Lee Langley

‘The Infatuations’, by Javier Marías – review

issue 09 March 2013

A café in Madrid. From her table across the room a solitary woman watches an attractive couple share breakfast morning after morning and speculates pleasurably about their relationship. One day they fail to appear and as time passes she feels a deepening sense of loss. Later she learns that the man has been murdered, stabbed to death in the street — an apparently senseless crime.

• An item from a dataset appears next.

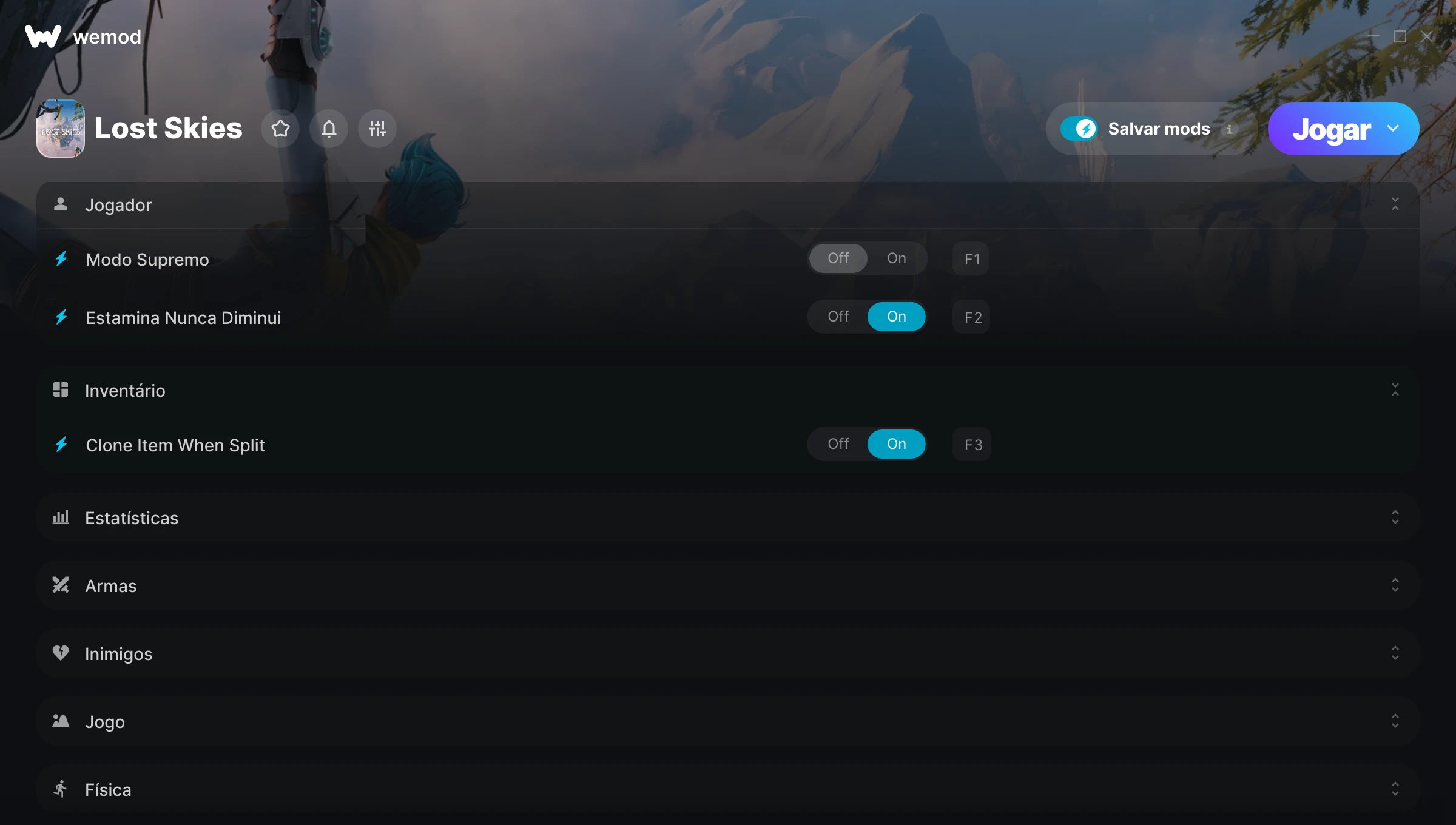 Como uso as trapaças em Lost Skies?O WeMod exibirá todos os jogos no seu PC com segurança. Abra um jogo da lista e simplesmente pressione Jogar. Depois que o jogo for carregado e você estiver no jogo, você poderá começar a ativar diferentes trapaças!Vai funcionar com a minha versão do jogo?O WeMod usa tecnologia avançada para detectar a versão do jogo que você está rodando e avisar se é suportada. Se não for, você ainda terá a opção de tentar assim mesmo ou solicitar uma atualização!

The tragedy of the happy couple touches and disturbs her. Then, almost accidentally, she finds herself becoming involved with the widow and the dead man’s best friend. At first all is straightforward: loss, grieving, consolation. Gradually the relationship becomes more complex: she begins an affair with the friend, recognising that she is little more than a stopgap in his life. And so things continue, until, at a certain point a remark overheard, an ominous hint, sets up unease and leaves her floundering. Nothing is quite as it seems — but how could it be? We’re in Javier Marías territory. This is a novelist who doesn’t deal in the straightforward; his narratives are serpentine, his vocabulary one of ambiguity, his landscape a place of shadows.

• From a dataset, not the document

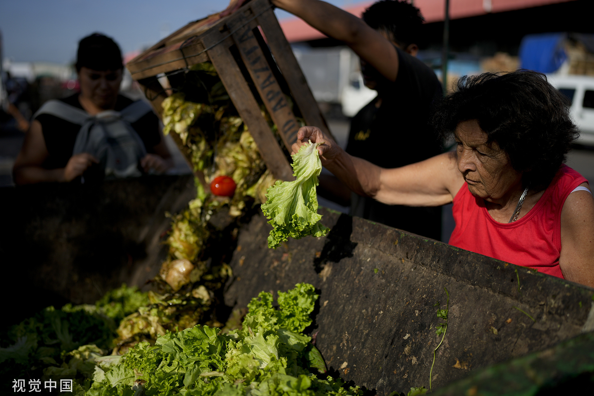 當地時間1月10日,阿根廷布宜諾斯艾利斯,民眾撿拾被丟棄的蔬菜。 /視覺中國

The Infatuations is a metaphysical exploration masquerading as a murder mystery. The narrator, the widow and the best friend spend much of the book engaged in conversation, or imagined conversation, or recollected conversation, living simultaneously in a past both real and fantasy, tinged with nostalgia and regret, and a future imbued with suspicion and impossible hopes. The truth is slippery. There is action: but the killing will have taken place in the past, as will the love-making. Head-clutching stuff, but quietly addictive.

Marías is a wolf in sheep’s clothing: his ostensible subjects look seductively mainstream: his 1,600-page trilogy Your Face Tomorrow reads like Proust re-imagined by Le Carré — spying, adultery, betrayal, sex and violence.